__What you will do__
All that is needed is the run of lines from the top of the entries to the line with "Teks Tanggapan Kritis: Pengendara", that line included, repeated exactly and free of pictures.
= = = =
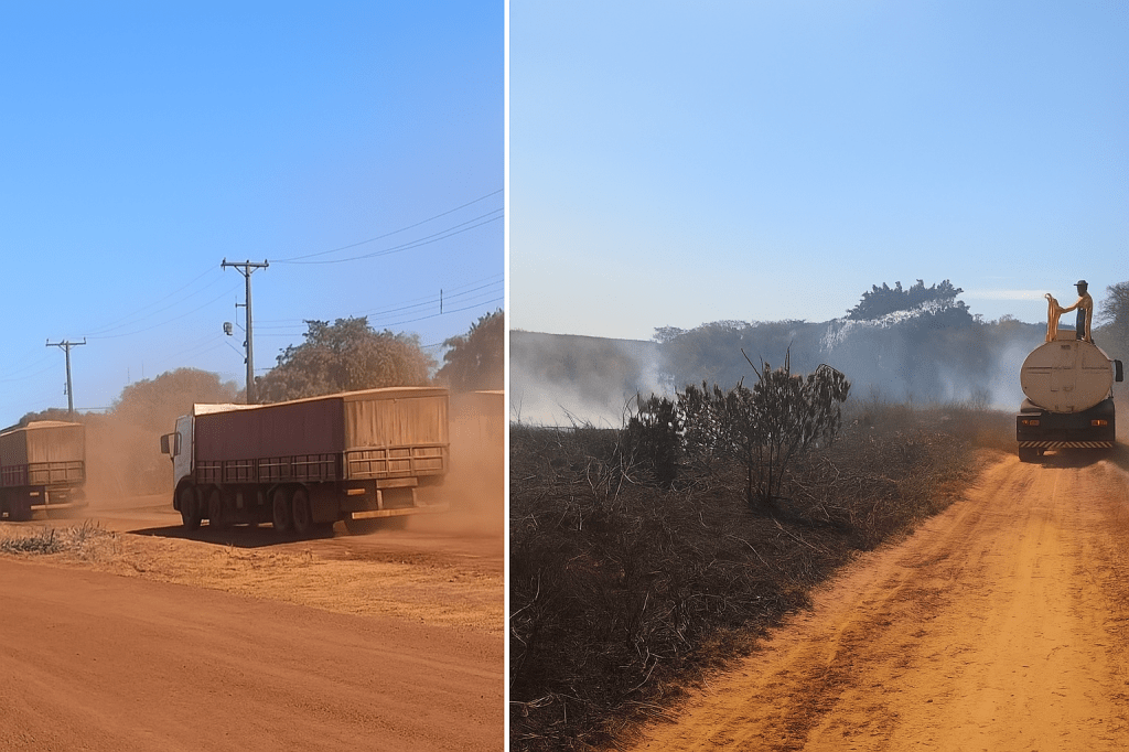 Caminhões levantam nuvens de poeira em ruas não asfaltadas e focos de incêndio se espalham por terrenos baldios próximos ao hospital e bairros residenciais. População cobra providências urgentes.
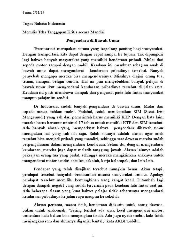 Teks Tanggapan Kritis: Pengendara Motor di Bawah Umur
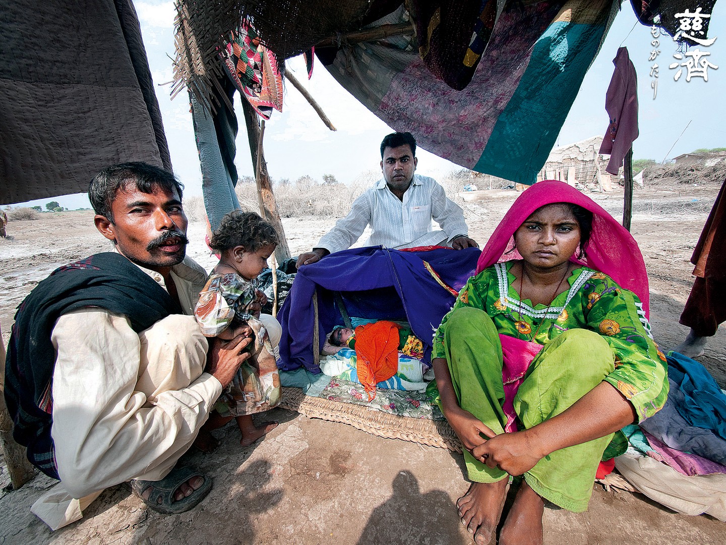 二〇一〇年十月、女の赤ちゃん、シャナは洪水後に誕生した。その時パキスタンは、主要河川であるインダス川が氾濫して百九十万棟の住宅が損壊し、二千万人以上が被災した状態だったので、慈済ボランティアがシンド州でその家族に出会った時、全財産を失った彼らは、木の棒で一枚の布を支えた中に寝泊まりしていた。生まれたばかりの赤ちゃんは、ぬかるんだ地べたにむしろとシーツを敷いた上に寝かせるしかなかった。
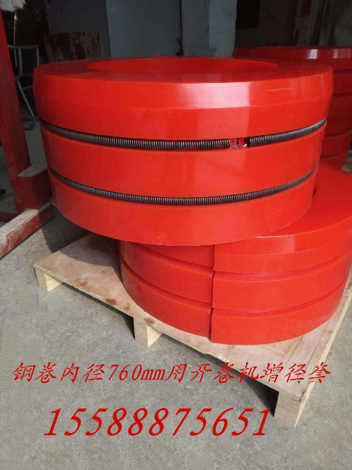 佛山縱剪開平機(jī)廠家配套聚氨酯漲芯膠套是一種適用于鋼卷內(nèi)徑610mm、730mm、760mm用的開卷機(jī)增徑膠套,寬度可根據(jù)客戶需要定制,產(chǎn)品規(guī)格齊全!所采用的聚氨酯材質(zhì),使增徑套具有較高的機(jī)械強(qiáng)度和氧化穩(wěn)定性,耐磨性佳,回彈性好!
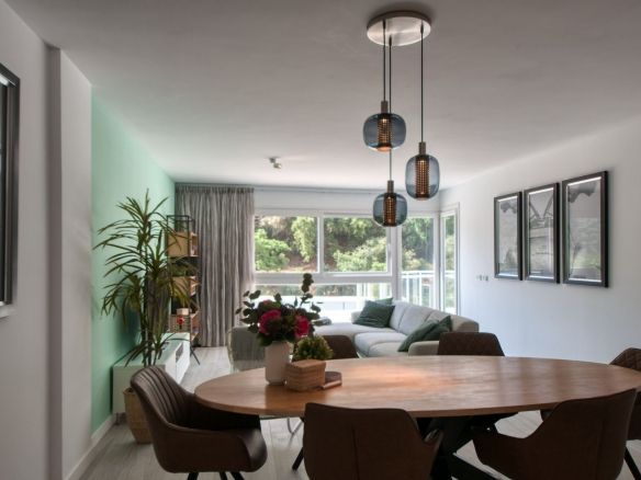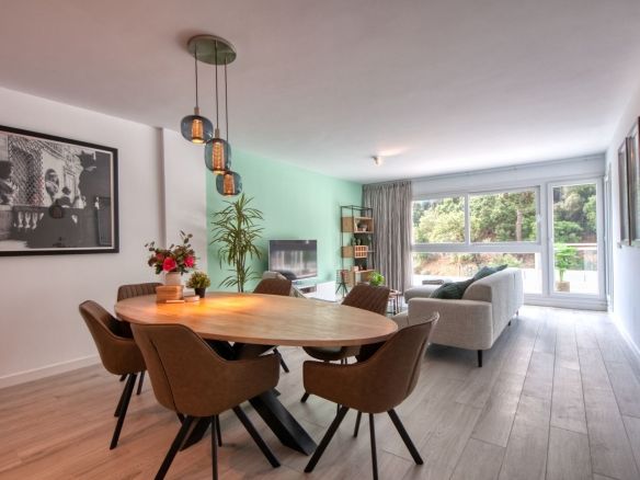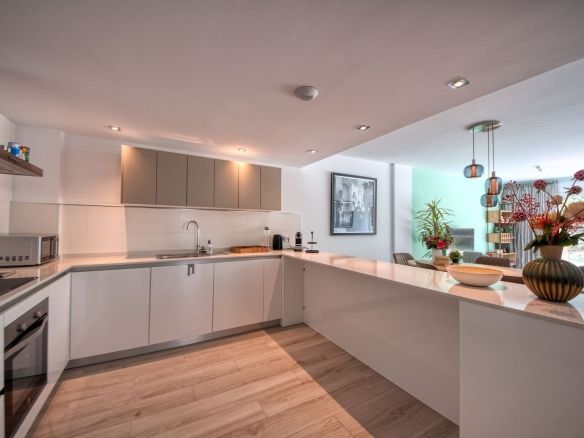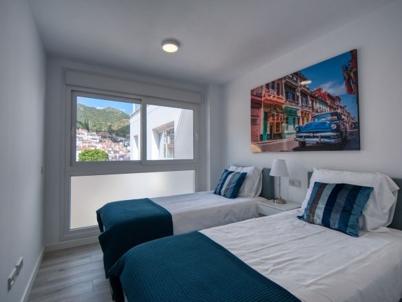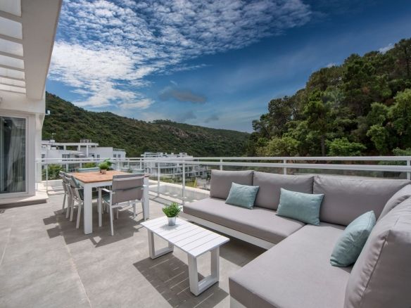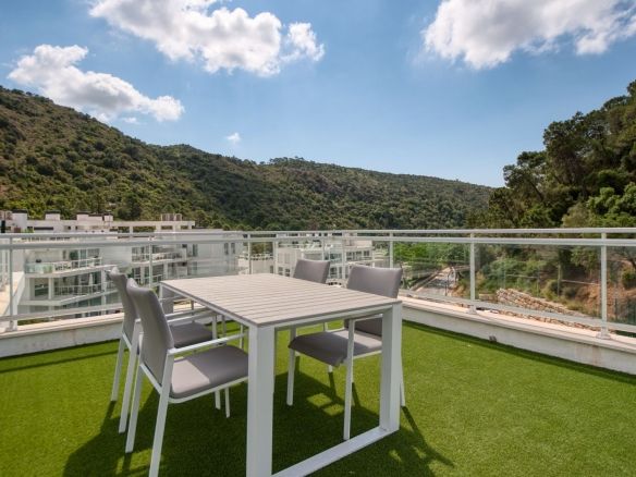 Spacious penthouse in Benahavis with the following layout. The main floor features an open-plan living area leading to a terrace with views over the pool and village. The modern kitchen is fully equipped with top-of-the-line appliances and additional storage.
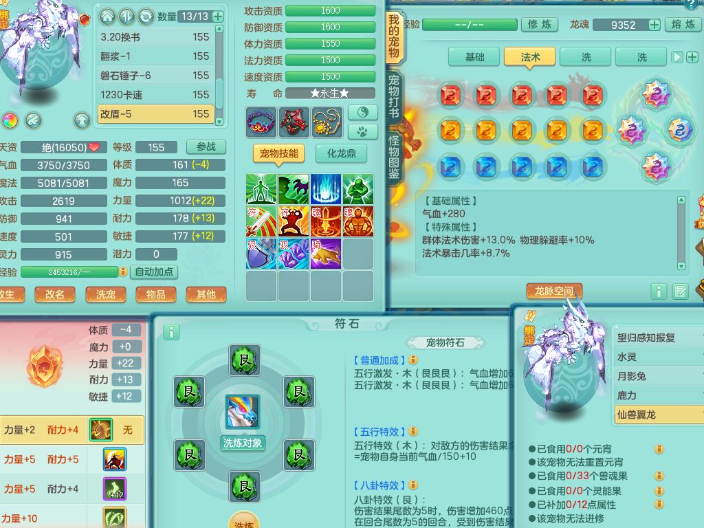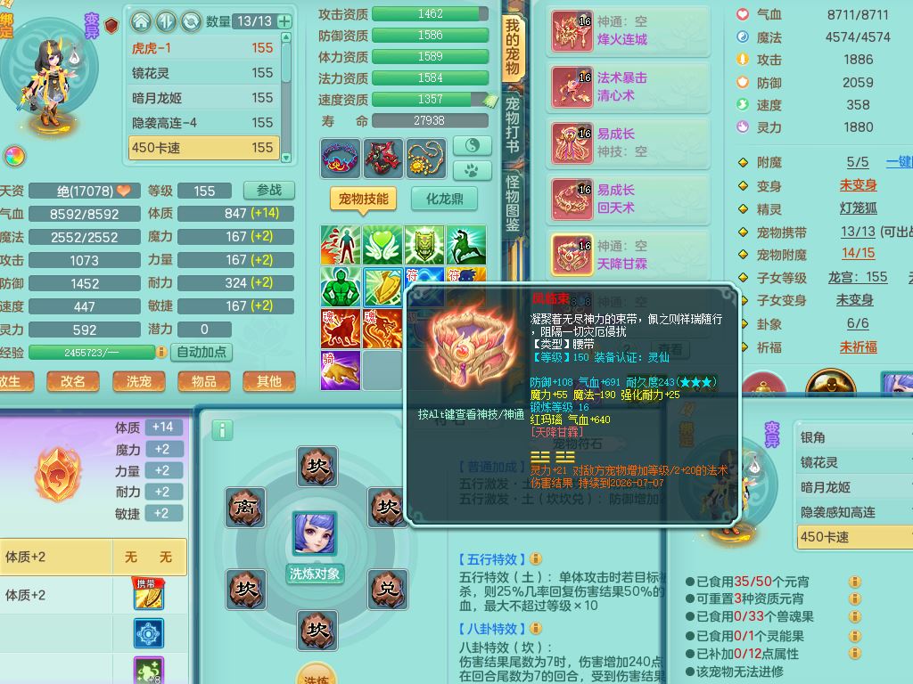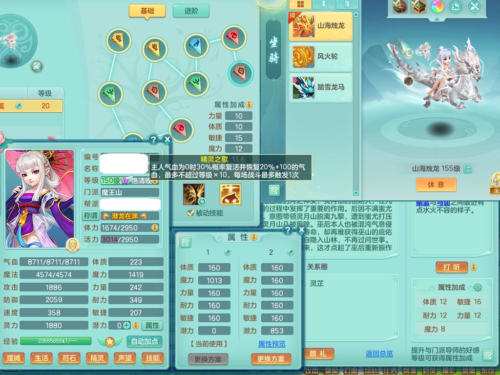jt10250九天揽月159女魔王【潜龙号】精灵歌,1龙(无内)4特殊(虎虎/影袭/兽决焚心/荒古)2镜花灵1龙姬,13只满果子8觉醒7个纯6字,全身单加,法爆水清武器,256Y双红项链,鼎5.0+70+280,17天月卡,永久头饰精灵皮肤,34内丹碎片,飞行烛龙坐骑,带3个150奶粉
= = = =
__Your solution__
 Caminhões levantam nuvens de poeira em ruas não asfaltadas e focos de incêndio se espalham por terrenos baldios próximos ao hospital e bairros residenciais. População cobra providências urgentes.
 Teks Tanggapan Kritis: Pengendara Motor di Bawah Umur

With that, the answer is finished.